4. Being Comfortable
Being comfortable is safe for the short term, but how does it benefit you over the long term when you look back and have those ‘should have, would have, could have’ thoughts?!!
To stay where you are in life is a lack of progress. A lack of growth. Growth comes as a result of adversity and trying new things. In order to get to your dreams and goals you have to be willing to take the steps forward. Most times these will be into unchartered territory and that’s ok. We have to learn to enjoy the processes just as much as we enjoy the results.
5. Valuing the opinions of others over self
Everybody wants the validation of the next person but do we really need it. Like really think about it… do these opinions affect your life in any way possible that we have to place such high value on it?
Everyone won’t see or understand what your doing in life so you can’t expect everyone to always be on the cheering squad.
Besides, I believe that people’s opinions of you really have nothing to do with you. For me I think it’s more of how they’re seeing themselves and they’re emitting it through you.
Misery loves company is a true saying and everyone wants someone they can share with; whether it’s good or bad. It’s up to us individually to decide what we will allow to penetrate our beings or otherwise just roll off our backs like water.
6. Clutter
This may not seem like a big deal but clutter affects everything.
Think about how you feel when you walk into a room that’s filled with all kinds of ‘junk’ for lack of a better word versus when you enter a room with everything in order. It’s a completely different feeling and I’d venture to say extreme opposites.
For me I’ve realized that I need less stuff in my life because it simplifies everything. I have less decisions to make even if it’s related to something as simple as what I’m going to wear.
Especially being postpartum and having a tinge of postpartum depression, I realized that this one really contributed to my anxiety levels. Some days I just wanted to throw ‘stuff’ out and I would do just that, feeling a lot lighter after.
7. Saying Yes Just because
This is a bad habit of mine and most of the time I do it, it’s really to appease others or avoid disappointing people. 2020 helped me get over that though and so I’m leaving it behind. I’ve come to the realization that it’s ok to say no and leave it there without feeling the need to explain my motives. Yea people may be a little upset about it at first but eventually they get over it and you’ll feel better. I’ve found that when I commit to doing things that I have no interest in I drag my feet and delay, delay, delay until I can’t anymore. So going forward I’m saving myself of my own theatrics and hysterics and actually taking my feelings into account.
Now I’m not saying there aren’t things I won’t do because they’re obligations; but rest assured all the extras don’t have to worry.
8. Comparison
Someone had it right when they say ‘comparison is the thief of joy’! All it does is cause us to create an environment around ourselves where we self loathe and shame. We get so caught up with looking at others and what they’re doing and we forget everyone’s on their own journey and time.
We all have our assigned destinies and appointments but it’s so easy to see where we are and become disappointed because of the ‘milestones’ that we haven’t hit.

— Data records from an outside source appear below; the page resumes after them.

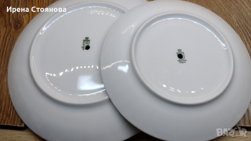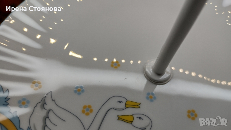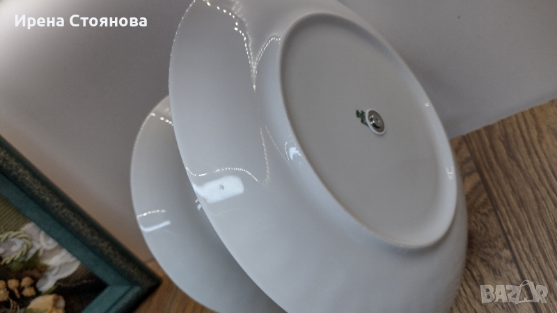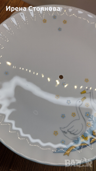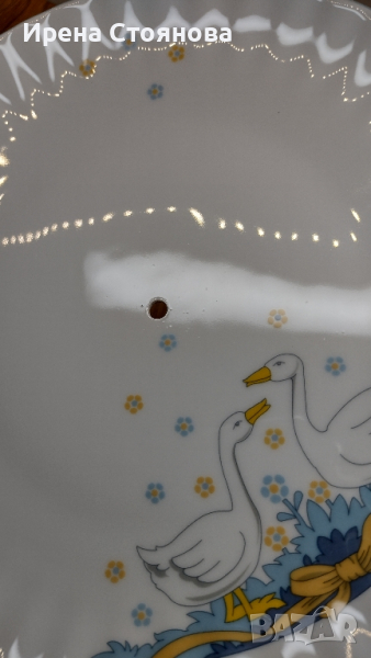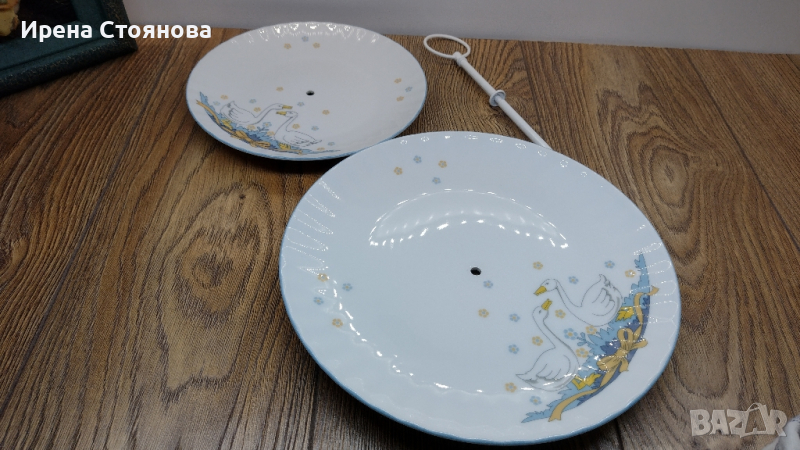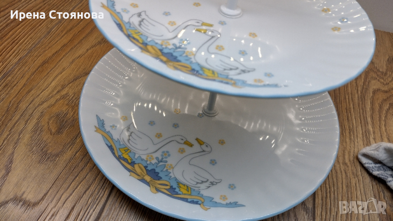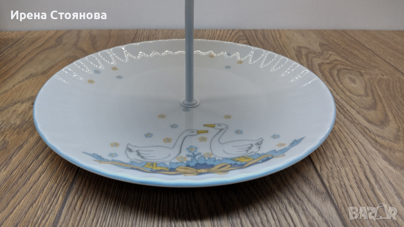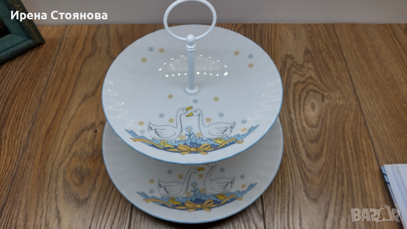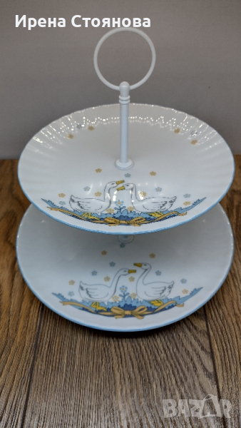 Поднос за сервиране на сладки с две нива. Чинии с декор гъски Wunsiedel Bavaria, производство след 1970 г. Диаметър голяма чиния 23,7 см, малка 18,8 см. Обща височина с дръжка 24 см. Минимални, почти незабележими следи от употреба при чиниите, под ъгъл и светлина. При голямата има малка пукнатина( само при гланца отгоре) при отвора, остава под държач и не се забелязва и пречи за употреба. Цена 45 лв.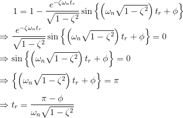 - 上升时间(T.R.)在其第一个振荡循环期间,在阻尼时间响应信号下达到最终值所需的时间。如果信号过度阻尼,则将上升时间视为响应从最终值的10%到90%所需的时间计算。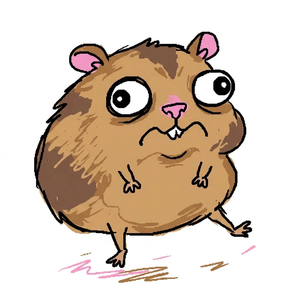 Badly drawn hamster in MS Paint style, round distorted body, tiny limbs, uneven outlines, flat colors, awkward facial expression, goofy and cursed meme energy, simple white background, intentionally crude and funny drawing Tired / Dead Inside MS Paint Meme Prompt: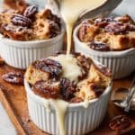 - Combine Bread and Custard: Pour the custard evenly over the bread cubes, gently stirring so every piece is coated. Fold in the chopped pecans and hazelnuts. Transfer the mixture to a greased baking dish or divide into individual ramekins. Let the mixture rest for about 20 minutes so the bread fully absorbs the custard.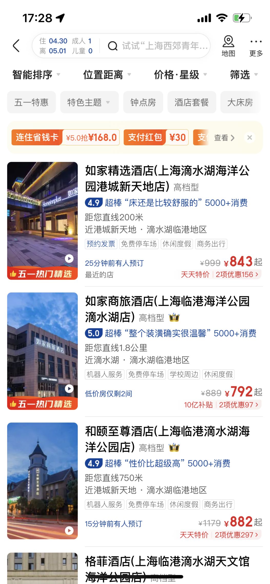 原计划是他们三个人来,然后让我蹭住两天,但是有位老哥另有安排了,所以我多多少少承担了一点,但也比直接住酒店划算多了。毕竟4.30号的闵行区和临港等偏僻地区酒店价格尚且惊人,5.1晚上的黄浦区住宿价格我已经不敢想了。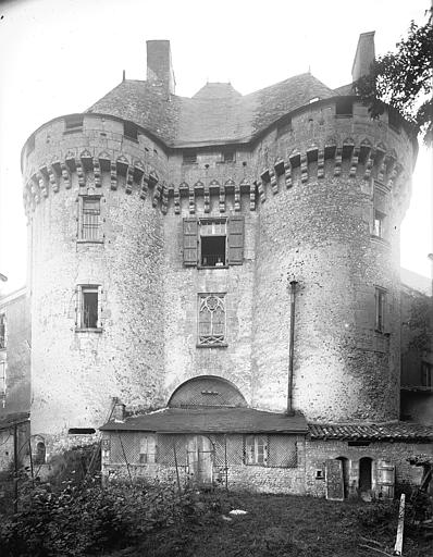 Le site est occupé par une forteresse depuis le haut Moyen Âge, un château étant mentionné dès les XIe (voire Xe) siècle. L'édifice actuel résulte d'une reconstruction à la fin du Moyen Âge, menée sur l'ordre de Marguerite de La Rochefoucauld pour relever la seigneurie après la guerre de Cent Ans ; des travaux sont encore attribués à la période autour de 1480. La seigneurie, puissante dans la région sous les La Rochefoucauld, passa ensuite entre diverses mains, dont celles de Richelieu puis de Louvois, avant de revenir aux La Rochefoucauld au début du XVIIIe siècle. Lors de la Fronde le château fut brièvement investi et assiégé, sans pour autant être détruit. À partir du XVIIe siècle ses occupants y résident de moins en moins et le donjon se dégrade au XVIIIe siècle. Vendu à la Révolution, le châtelet sud-est servit de prison jusqu'en 1820. La commune acquit le château en 1845, fit abattre une grande partie des constructions et transforma les parties conservées pour y installer un hôpital et des services publics ; l'hospice resta en fonctionnement jusqu'en 1908. La grange et les écuries furent remaniées au milieu du XIXe siècle pour abriter notamment un théâtre à l'italienne, un café et des pièces à l'étage ; la salle de spectacle actuelle a été aménagée vers 1900. D'autres travaux ont eu lieu en 1860 sous la direction de l'architecte Pierre Lacombe, et un nouveau bâtiment fut construit vers 1922 par Maurice Mignon. Le château continua d'évoluer au XXe siècle ; pendant l'occupation il servit de point d'observation, et des travaux de charpente et de couverture sont signalés en 1974 et 1976. Classé au titre des monuments historiques en 1913 et inscrit en 2004, il fait depuis 2013 l'objet d'une réhabilitation conduite par la Communauté de communes des 4B - Sud-Charente, labellisée « pôle d'excellence rurale » en 2012 et soutenue par l'État, la Région et le Département. Les interventions récentes visent à moderniser le théâtre, à rendre accessibles les charpentes et le chemin de ronde, à restaurer le mur d'enceinte et à restituer une lecture plus médiévale de l'ensemble, avec notamment la remise en valeur d'une tourelle orientale la plus ancienne. Aujourd'hui le château est partiellement propriété de la Communauté de communes et partiellement propriété privée. En élévation subsistent principalement un fragment de la courtine nord muni d'un chemin de ronde couvert, terminé à l'est par une tour demi-cylindrique, et l'ancienne grange qui s'y adosse. Le porche d'entrée, flanqué de deux hautes tours rondes couvertes par un toit commun, conserve des « oreilles » d'escalier permettant l'accès au chemin de ronde ; l'une de ces excroissances date du XVe siècle, l'autre est un ajout du XIXe siècle. Des canonnières du XVIe siècle ouvrent dans le porche et la tourelle nord pour la défense des abords et des douves. D'autres éléments anciens évoqués par les sources ont disparu : le donjon principal au sud, complété autrefois de deux tours démolies au XVIIIe siècle, la porte sud-est sous l'église Saint-Ymas, ainsi que des parties du logis et des jardins. La chapelle castrale Saint-Ymas, reliée à l'ensemble, comportait une nef unique de quatre travées, un chevet plat orienté sud-est et une chapelle latérale voûtée d'ogives ; ces dispositions se lisent dans les descriptions anciennes. Le domaine comprenait par le passé des jeux de paume, des puits desservant le donjon et la cour, ainsi que des fossés entourant les enceintes successives. Les restaurations du XIXe siècle ont replacé partiellement les encadrements des baies, les crénelages, les angles de murs et les pignons, tandis que les aménagements plus récents ont dégagé la charpente de la grange et rendu accessibles les structures intérieures. La tourelle orientale, conservée en élévation depuis le XIIe siècle, a été débarrassée de la végétation, dotée d'une terrasse et d'un accès au chemin de ronde, offrant aux visiteurs un point de vue sur la ville. Le site est ouvert à la visite quelques heures par semaine, notamment le mardi et le mercredi, et abrite l'office du tourisme dans la façade orientale.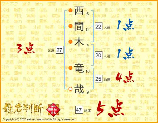 西(6画)間(12画)木(4画) 竜(16画)哉(9画)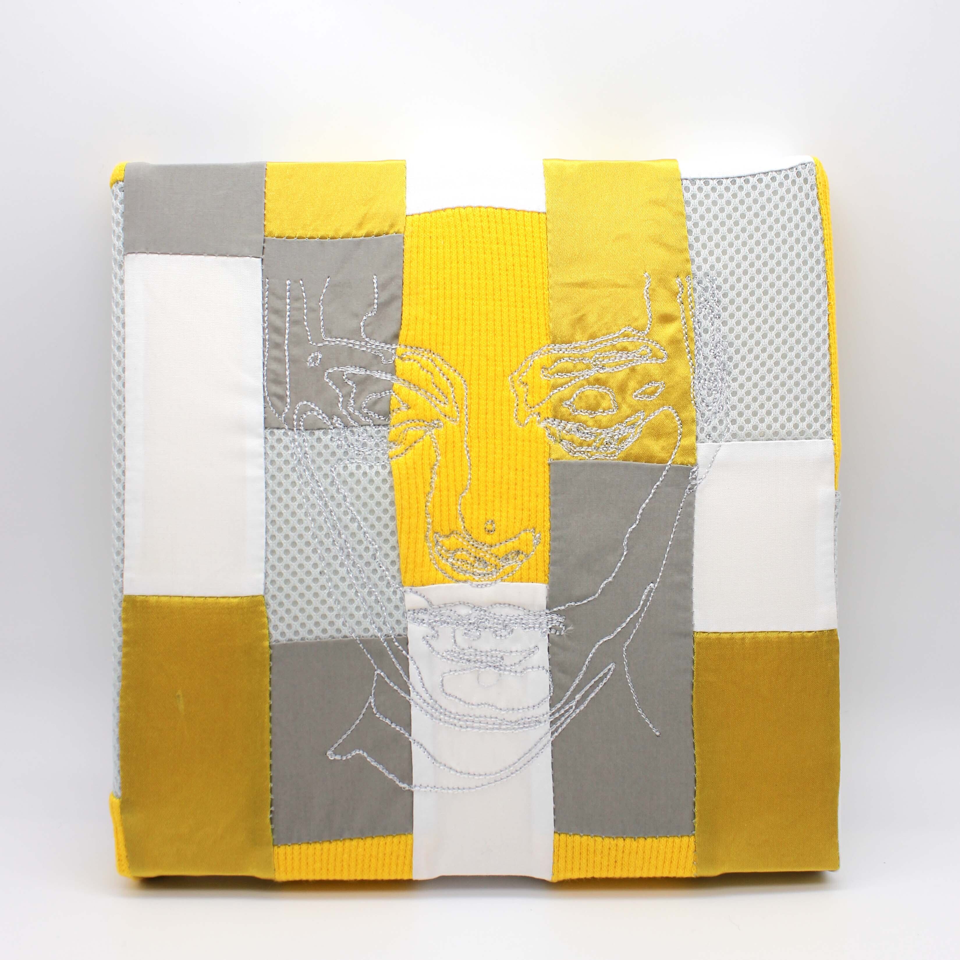 これまでの制作で生まれたハギレをパッチワークにし、その生地に刺繍を施したファブリックパネルです。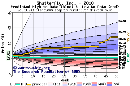 The high to date and low to date prices of the stock plotted against a random walk model for 2010 (what's this?).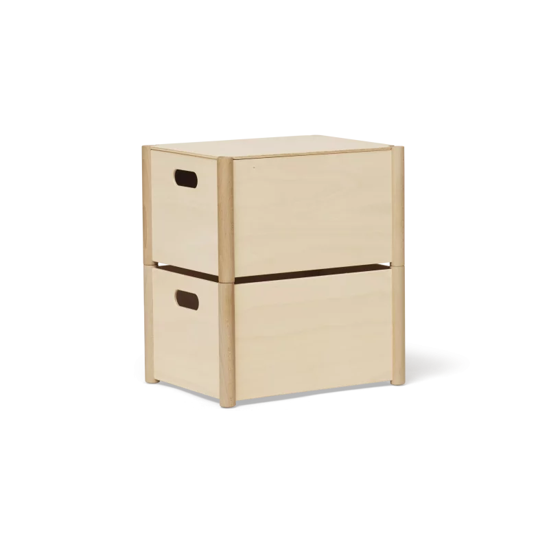 A multipurpose, high quality, and distinctive storage box for all domestic or hospitality spaces. The four significant solid pillars have a small rounded top to make it easy to stack the boxes without them tipping over. It also creates a unique compelling form with a clear shadow line when the boxes are stacked. Able to take considerable weight and it is possible to stack as many as desired. Due to careful and measured design these storage boxes can stand alone on the floor or fit onto shelving.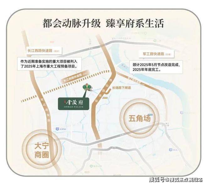 在城市交通路网方面,江湾金茂府同样优势显著。周边拥享中环高架、长江西路快速路、外环高速三横主轴,以及逸仙路高架、南北高架两纵接驳。

After about three months postpartum, I was looking at myself in the mirror wondering how come I didn’t lost the weight this time as quickly as I did with the first one and I would continually go on the scale hoping that I could just ‘snap back’ like so many do.
But then I realized that it’s really ok and I’m doing myself an injustice. It took nine months for the baby to grow so is it really necessary for me to stress myself about losing the weight? Let’s just say I’ve taken the batteries out the scale and I’m now just focusing on just trying to be a healthy mom with an amazing mom bod!
So that’s it for me!
Are you changing anything this year? Or will you continue to be the imperfectly perfectly amazing individual that you are?